» **INSTRUCTIONS FOR THE TASK**
Repeat the records exactly. Leave out the pictures.

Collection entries
◇ ◇ ◇ ◇ ◇ ◇ ◇
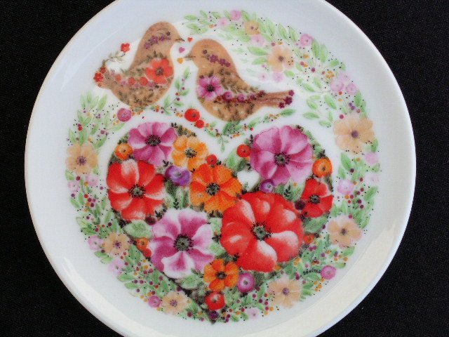 Talerzyk porcelanowy, sygnowany, z bajecznie barwnej serii Collection Coeur. W pełni użytkowy. Aż świeci kolorami :)
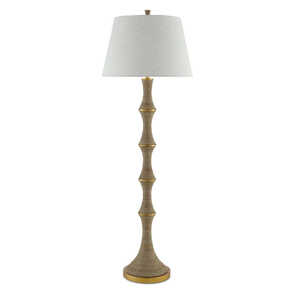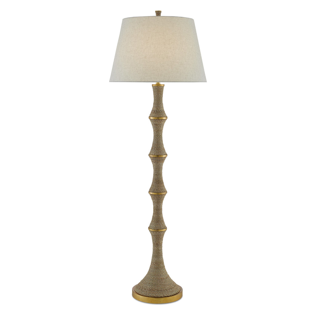 The Bourgeon Floor Lamp would have been fascinating had its fluted stem simply been wrapped in abaca rope but we’ve ornamented the swells in the stem with a dark contemporary gold leaf finish that gleams when light strikes it. We thought this would dress up the nautically inspired composition, which we’ve topped with a beige poplin cotton shade. This lovely lamp is an ideal luminary for a beachside condo, a seaside cottage or a lakefront home.
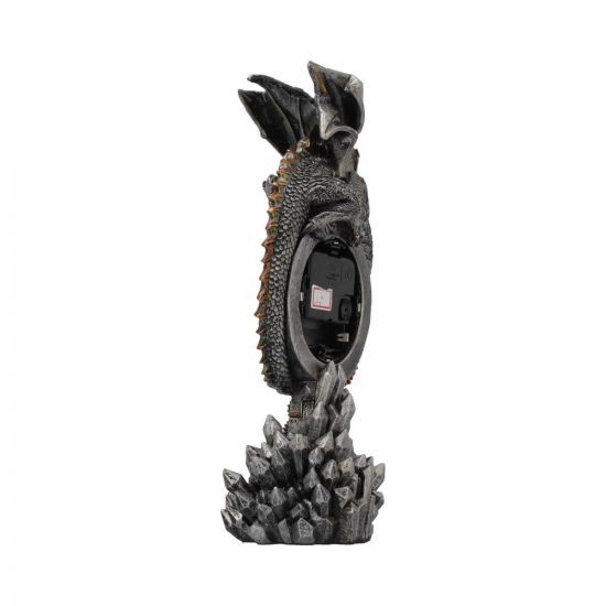 Возьмите под контроль свое время с помощью этих фантастических вертикально стоящих часов из коллекции сувенирной продукции альтернативного бренда Nemesis Now. Возвышаясь из скопления темно-серых кристаллов, часы Clockwork Reign ревностно охраняются часовым драконом, бронзовые зубцы и латунные заклепки сидят на стальной чешуе. Загнув хвост вокруг часов, он рычит на вас, подняв крылья в знак устрашения. Отлитые из высококачественной смолы и тщательно раскрашенные вручную, эти величественные часы могут украсить любую каминную полку. Требуется 1 батарейка типа АА
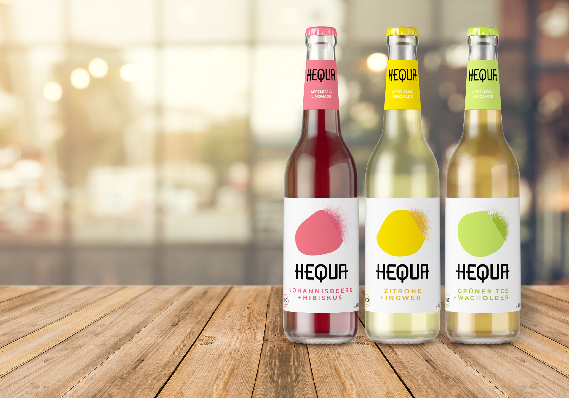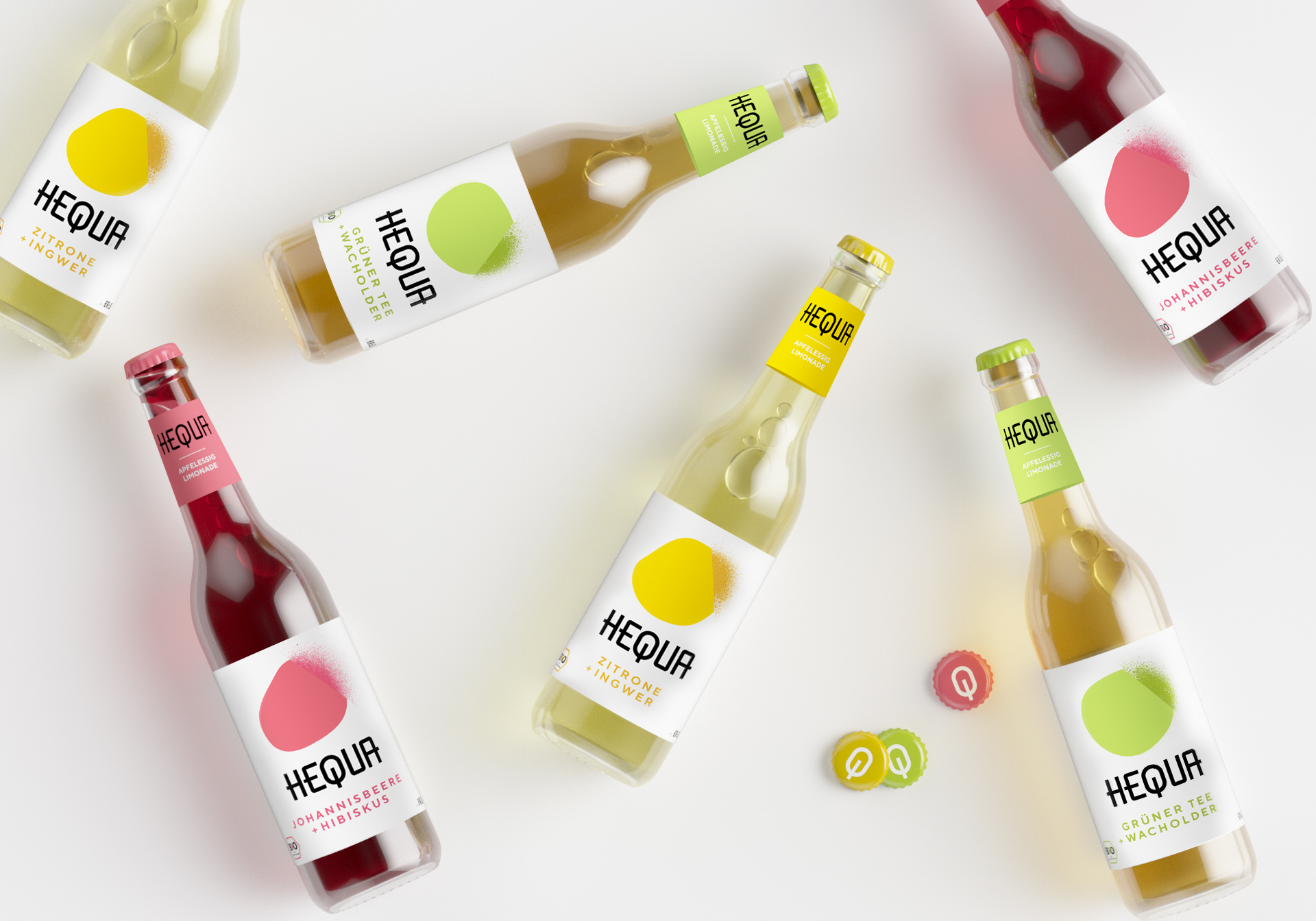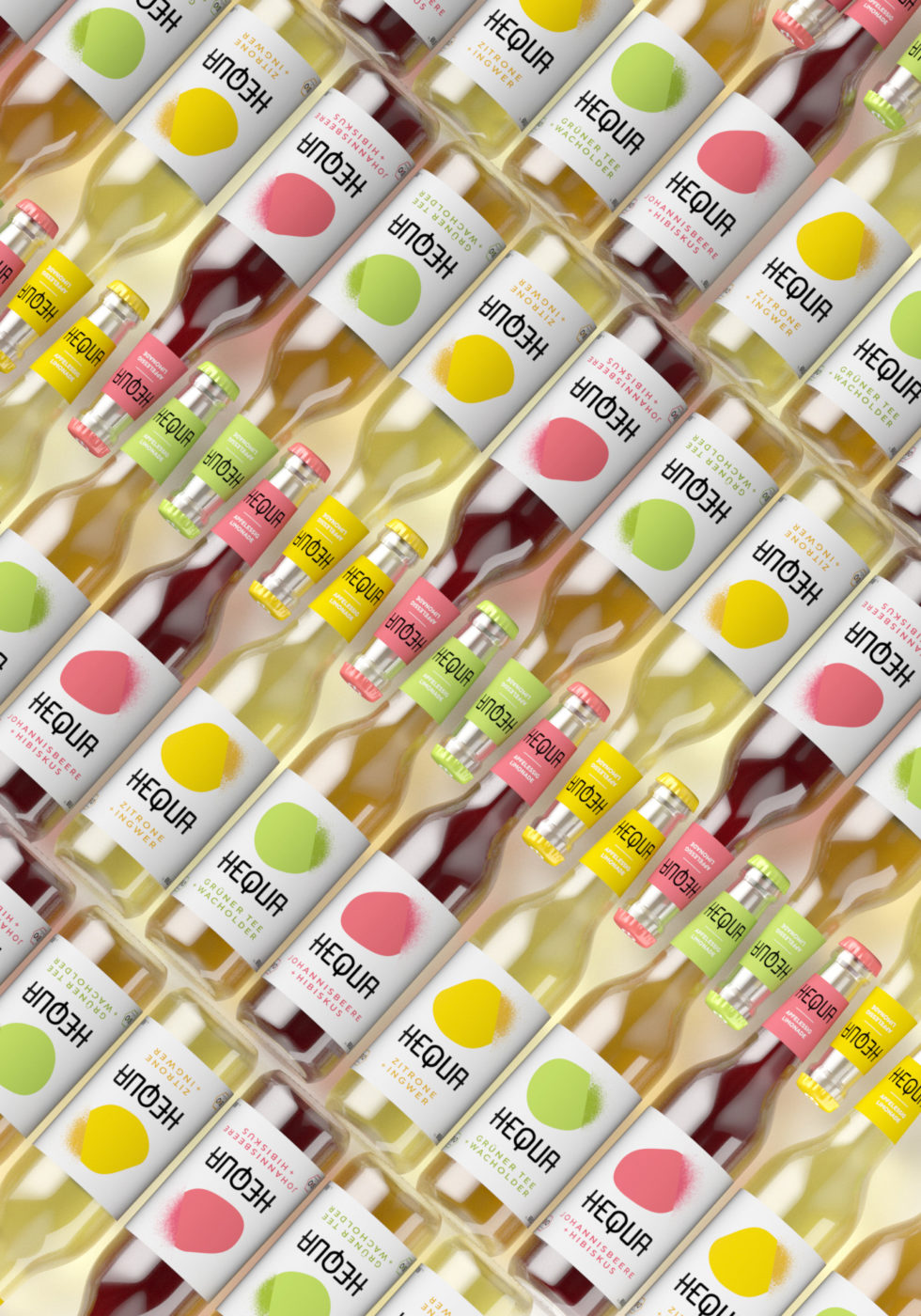 Hequa is a traditional term for beverages produced by fermentation. The range of organic soft drinks is based on cider vinegar. Abstract monochrom organic shapes that dissolve into dots represent the process of fermentation.
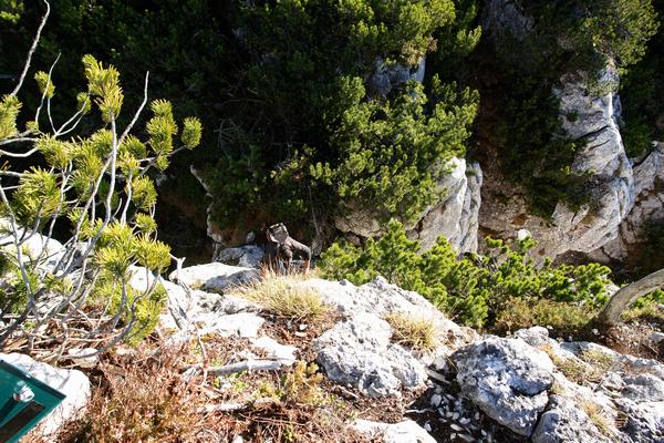 | Kurz vor dem Schlußfelsen gilt es am oberen Ende der steilen Rinne noch ein unwegsames Latschenfeld sowie tiefe, dunkel und bedrohlich warnende Dolinenspalten zu queren, zu denen im Vergleich die Hindernisse und Abenteuer des Indiana Jones geradezu wie ein lächerlicher Spaziergang anmuten |
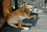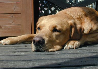 天気が良くあまり暑くない日にはレオはウッドデッキでのんびりと過ごします。
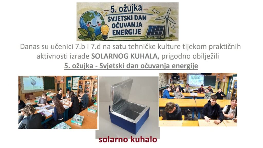 Dana 5. ožujka učenici 7. b i 7.d razreda na satu su tehničke kulture prigodno obilježili Svjetski dan očuvanja energije izradom praktičnog rada SOLARNOG KUHALA i na taj način  potaknuti ih za shvaćanje problema neučinkovitoga korištenja energijom, pronalaženju mogućih rješenja učinkovite uporabe energije u svim sektorima krajnje potrošnje te odgovornog ponašanja jer je energetski savjesno ponašanje bitan alat u borbi protiv klimatskih promjena i  poticanju razvoja održivih društava.
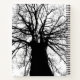 Fotografía de una silueta de un viejo árbol en blanco y negro.
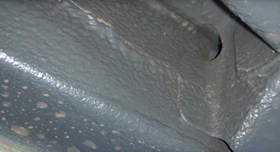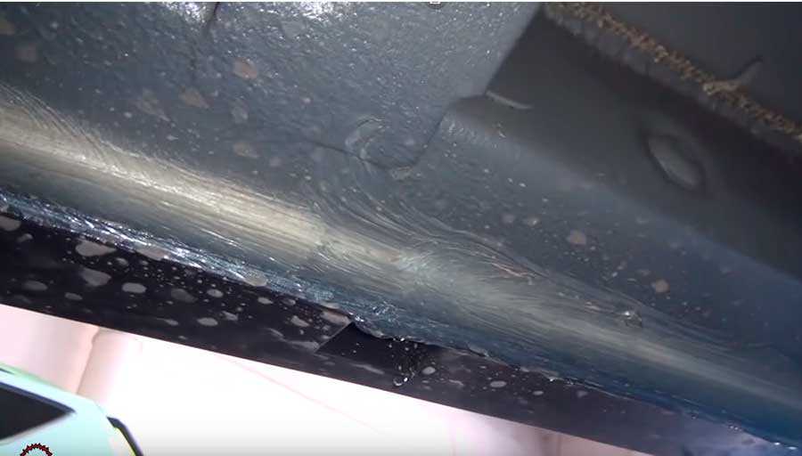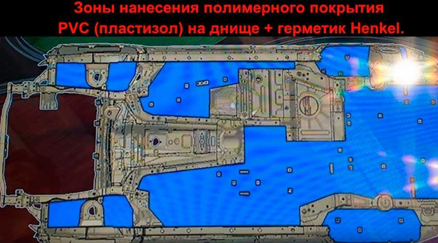 С завода днище автомобиля обрабатывается антигравием где-то на 90-95 %, присутствуют лишь небольшие пропуски защитного материала в скрытых полостях, местах крепления коробки передач, кардана (у полноприводных машин), рычагов задней подвески.
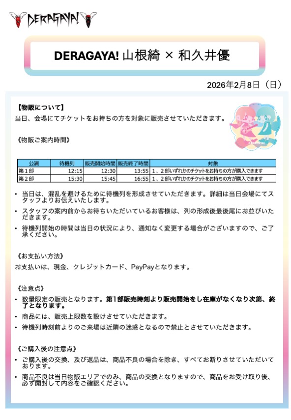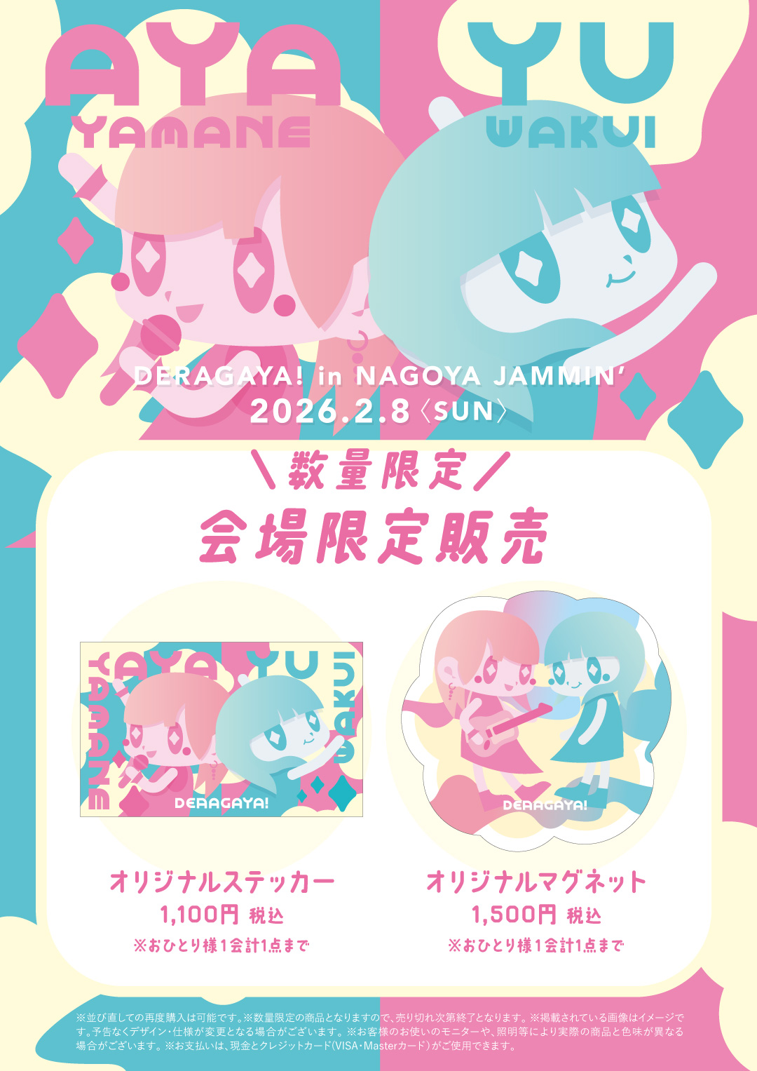 2月8日開催の「DERAGAYA! 山根綺 × 和久井優」のトークイベントにて、オリジナルグッズの販売を決定いたしました。
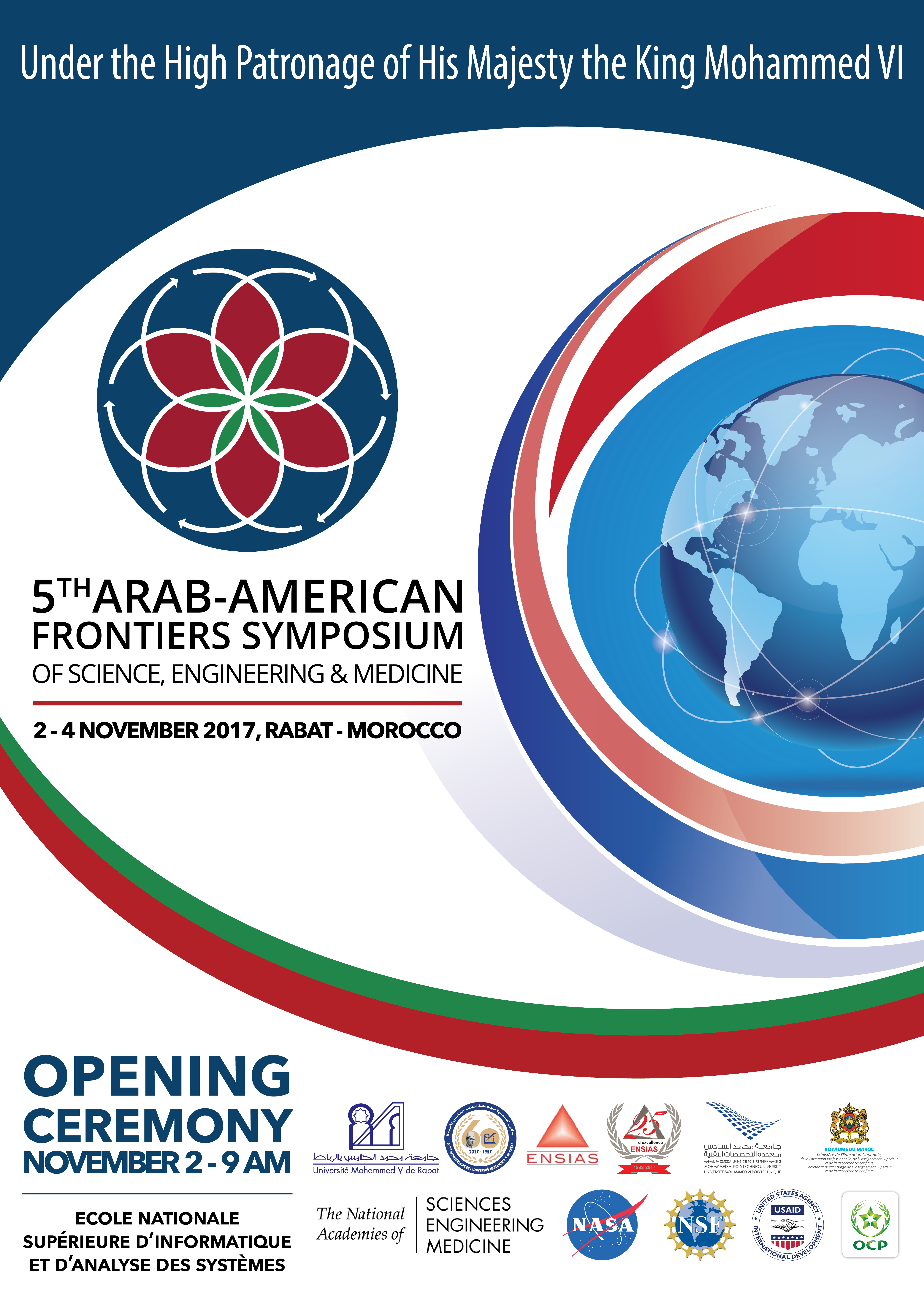 Sous le haut patronage de SM le Roi Mohammed VI que Dieu l’assiste la ville de Rabat et très particulièrement ; l’Ecole Nationale Supérieure d’Informatique et d’Analyse des Systèmes (ENSIAS) relevant de l’Université Mohammed V de Rabat (UM5) accueillera le cinquième symposium Arabo-américaines sur les Frontières des Sciences, Ingénierie et Médecine du 2 au 4 novembre 2017.
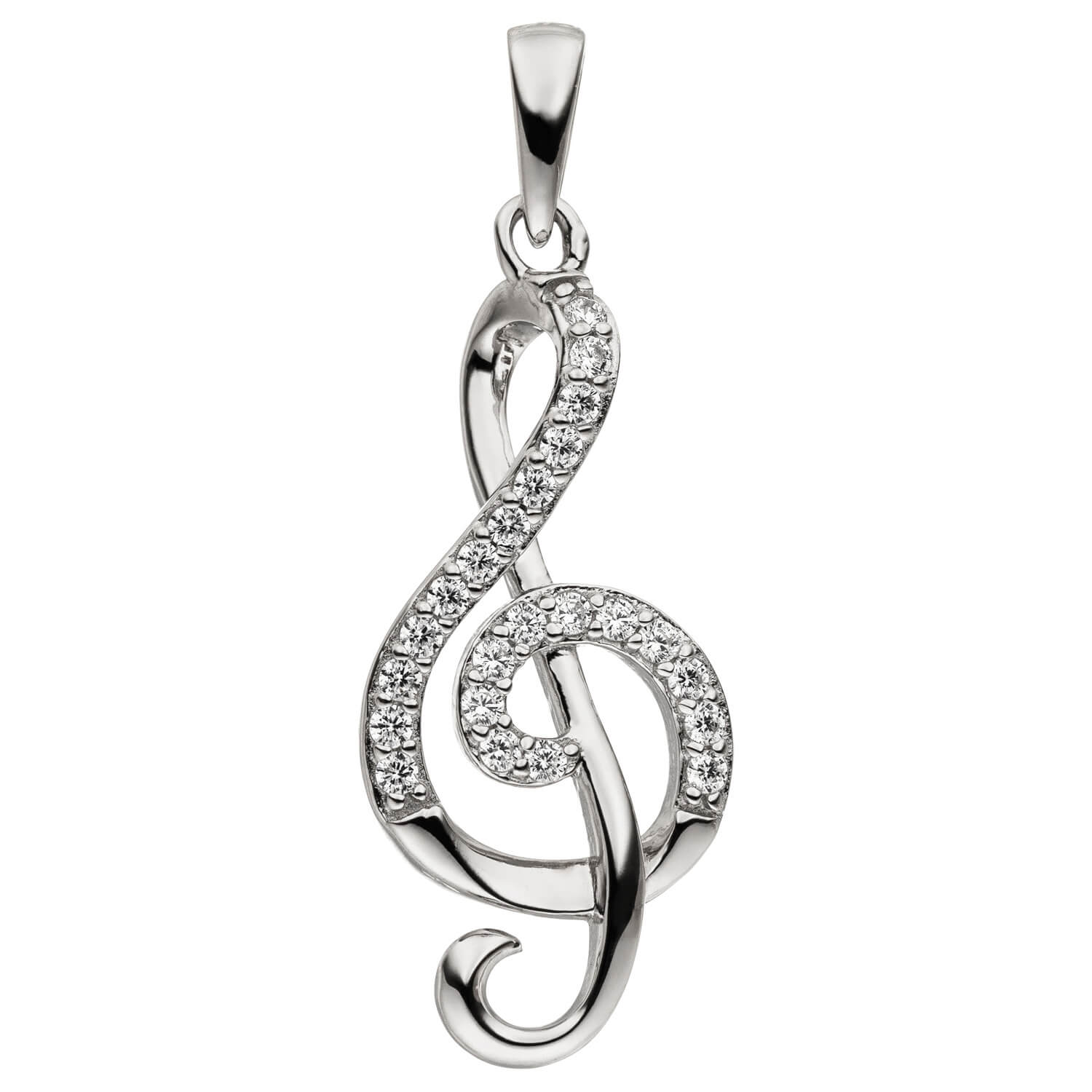 Anhänger 'Notenschlüssel' aus 925 Sterlingsilber, rhodiniert, mit 23 Zirkonia
◇ ◇ ◇ ◇ ◇ ◇ ◇
» **SOLUTION FOR THIS TASK**
 Talerzyk porcelanowy, sygnowany, z bajecznie barwnej serii Collection Coeur. W pełni użytkowy. Aż świeci kolorami :)
 The Bourgeon Floor Lamp would have been fascinating had its fluted stem simply been wrapped in abaca rope but we’ve ornamented the swells in the stem with a dark contemporary gold leaf finish that gleams when light strikes it. We thought this would dress up the nautically inspired composition, which we’ve topped with a beige poplin cotton shade. This lovely lamp is an ideal luminary for a beachside condo, a seaside cottage or a lakefront home.
 Возьмите под контроль свое время с помощью этих фантастических вертикально стоящих часов из коллекции сувенирной продукции альтернативного бренда Nemesis Now. Возвышаясь из скопления темно-серых кристаллов, часы Clockwork Reign ревностно охраняются часовым драконом, бронзовые зубцы и латунные заклепки сидят на стальной чешуе. Загнув хвост вокруг часов, он рычит на вас, подняв крылья в знак устрашения. Отлитые из высококачественной смолы и тщательно раскрашенные вручную, эти величественные часы могут украсить любую каминную полку. Требуется 1 батарейка типа АА
 Hequa is a traditional term for beverages produced by fermentation. The range of organic soft drinks is based on cider vinegar. Abstract monochrom organic shapes that dissolve into dots represent the process of fermentation.
 | Kurz vor dem Schlußfelsen gilt es am oberen Ende der steilen Rinne noch ein unwegsames Latschenfeld sowie tiefe, dunkel und bedrohlich warnende Dolinenspalten zu queren, zu denen im Vergleich die Hindernisse und Abenteuer des Indiana Jones geradezu wie ein lächerlicher Spaziergang anmuten |
 天気が良くあまり暑くない日にはレオはウッドデッキでのんびりと過ごします。
 Dana 5. ožujka učenici 7. b i 7.d razreda na satu su tehničke kulture prigodno obilježili Svjetski dan očuvanja energije izradom praktičnog rada SOLARNOG KUHALA i na taj način  potaknuti ih za shvaćanje problema neučinkovitoga korištenja energijom, pronalaženju mogućih rješenja učinkovite uporabe energije u svim sektorima krajnje potrošnje te odgovornog ponašanja jer je energetski savjesno ponašanje bitan alat u borbi protiv klimatskih promjena i  poticanju razvoja održivih društava.
 Fotografía de una silueta de un viejo árbol en blanco y negro.
 С завода днище автомобиля обрабатывается антигравием где-то на 90-95 %, присутствуют лишь небольшие пропуски защитного материала в скрытых полостях, местах крепления коробки передач, кардана (у полноприводных машин), рычагов задней подвески.
 2月8日開催の「DERAGAYA! 山根綺 × 和久井優」のトークイベントにて、オリジナルグッズの販売を決定いたしました。
 Sous le haut patronage de SM le Roi Mohammed VI que Dieu l’assiste la ville de Rabat et très particulièrement ; l’Ecole Nationale Supérieure d’Informatique et d’Analyse des Systèmes (ENSIAS) relevant de l’Université Mohammed V de Rabat (UM5) accueillera le cinquième symposium Arabo-américaines sur les Frontières des Sciences, Ingénierie et Médecine du 2 au 4 novembre 2017.
 Anhänger 'Notenschlüssel' aus 925 Sterlingsilber, rhodiniert, mit 23 Zirkonia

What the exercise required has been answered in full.